Artifice, authenticity, affectation

If there’s one word I wouldn’t mind seeing banned from use for the next, hmm, fifty years, it’s this one: authenticity. Yup, that’s the one, the word I’ve come to dislike as much as its closeish relative, the phrase “Based on a true story!” What’s my beef with it? It’s either phony, self-aggrandising or both. A certain doddering old father once told his son, “To thine own self be true,” and as a motto it sounds quite nice, except – I think this notion of an “own self” to which you should be true is silly. Do something because you want to do it, because you think it’s right to do it – but talking about an authentic self that you should honour? That’s fine, as long as your “own self” is one of the good guys – but what if you consider your authentic self to be that of a xenophobic bastard who hates those bloody foreigners? Does the notion of authenticity* ennoble your arseyness? People’s identities, their characteristics, are fluid, and pretending that there’s a ‘real you’ inside you that’s a yardstick for all your actions is romanticised claptrap at best, disingenuous bullshit at worst.

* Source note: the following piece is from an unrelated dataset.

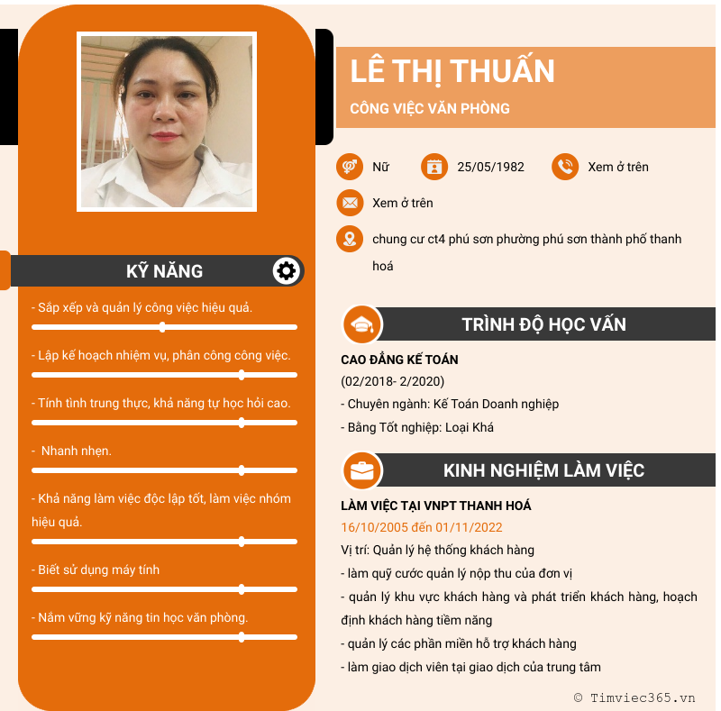 Xem hồ sơ ứng viên Lê Thị Thuấn cần 2 điểm. Hồ sơ được cập nhật ngày: 31/08/2024
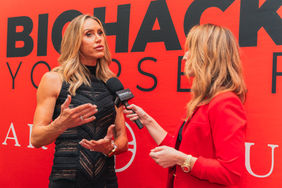 The backdrop, the lighting setup, the interview hosts, the camera team, all provided by Biohack Yourself Media.

If you’re still reading after this rant, you’re probably wondering: why does a geek blogger who usually writes about movies, games, books and comics post a diatribe against the word “authenticity”? Doesn’t he have first-person shooters to play and pretentious wankery to write about them afterwards? Bear with me, gentle reader – relevance (of some sort) is just around the corner. It’s basically this: the overuse of the A word extends to art critics and the culture pages of newspapers and magazines. “Authenticity” is used as a word of praise for movies, when usually writers use it as a way of making their “it’s, like, for real, man!” comments sound sophisticated. Let’s be frank: authenticity in art – including any art form that’s primarily about narrative fiction – is an effect. It’s an artifice. It’s like a Photoshop filter: turn up the authenticity to 10, eh? It’s the fashionable, and often trite and superficial, name given to works that used to be described as being in the style of realism or naturalism. It’s an author’s conscious choice on how to present their material. It’s a style, an artifice, pretending not to be one.

So, what’s brought on this tirade? Probably the fact that I recently re-watched Drive, a film I greatly enjoyed the first time and downright loved the second time. How does it tie into this extended waffle on authenticity? Pretty much by eschewing the Authenticity Effect altogether. Nicholas Winding Refn uses a decidedly theatrical style – perhaps not as much as in his earlier film, Bronson, but Drive is still markedly focused on its own artifice, in its visuals, its central performance, its choice of music. The director’s hand is visible throughout. Refn is clearly not interested in the pretense of reality – yet his film, for all its artifice, resonates with me. While I’m watching it, the Driver feels real to me – not in spite of the artifice but because of Refn’s immense skill at using artifice as one of the colours on his palette.

Art, at its best, doesn’t try to replicate the look of reality in a facile way. It embraces its own stylisedness, using whatever style is most suited to achieving a certain effect – and yes, that effect can be realism or naturalism… but neither of those automatically makes a film more authentic, unless our understanding of authenticity is hopelessly naive. “Based on a true story” doesn’t make that story more real, documentary visuals don’t render the subject more authentic. After all, what we’re looking at here is art, and the moment art denies its own artifice, it becomes schizophrenic or shallow. If art wants to be true to its own self, then it is most authentic when it accepts its own dependence on skilled, intelligent, passionate artifice.

*I seem to dislike the word so much I keep spelling it as “authenticify”… To mine own self spell true, eh?

P.S.: Having grown up in the ’80s, the aesthetics of Drive may very well feel more ‘real’ to me, because that’s what my childhood, filtered through TV, looked and sounded like.